NVIDIA CEO Jensen Huang Leaves Everyone SPEECHLESS (Supercut)
By Ticker Symbol: YOU
Key Concepts
- Accelerated Computing: A paradigm shift from general-purpose computing to specialized hardware (like GPUs) for faster data processing, image processing, computer graphics, and general computation, including AI.
- AI as Workers: A conceptual shift where AI is viewed not as a tool, but as an active participant that can perform tasks and increase productivity.
- Extreme Code Design: A methodology involving simultaneous design and optimization of hardware (chips) and software to achieve significant performance gains and cost reductions.
- Vera Rubin Supercomputer: NVIDIA's third-generation rack-scale computer, featuring a cableless design, liquid cooling, and advanced processors for AI workloads.
- Context Processor: A specialized processor designed to handle the increasing amount of context (e.g., large documents, videos) that AI models need to process for more informed responses.
- BlueField-4: A revolutionary processor designed to accelerate KV caching, improving the speed and efficiency of retrieving past AI conversations and learned information.
- NVLink Switch: A high-bandwidth interconnect that connects multiple computers, designed to handle data traffic significantly exceeding global peak internet traffic.
- Spectrum X Switch: An Ethernet switch enabling simultaneous communication between all processors without network congestion.

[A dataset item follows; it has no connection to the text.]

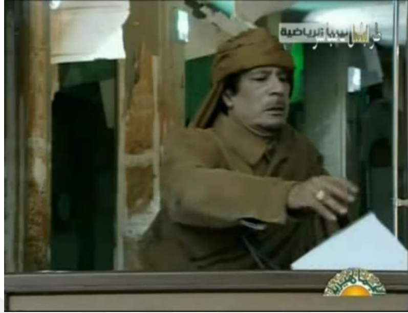
Resim 7. Konuşmanın sonunda, Kaddafi bir kâğıt teslim edildi

- Quantum Computing: A new computing paradigm that leverages quantum mechanics to solve problems intractable for classical computers.
- MVQLink: An interconnect designed for quantum computing, facilitating control, calibration, error correction, and hybrid simulations between quantum processing units (QPUs) and GPU supercomputers.
- Physical AI: AI focused on real-world interactions, requiring a multi-computer approach for training, simulation (digital twins), and operation.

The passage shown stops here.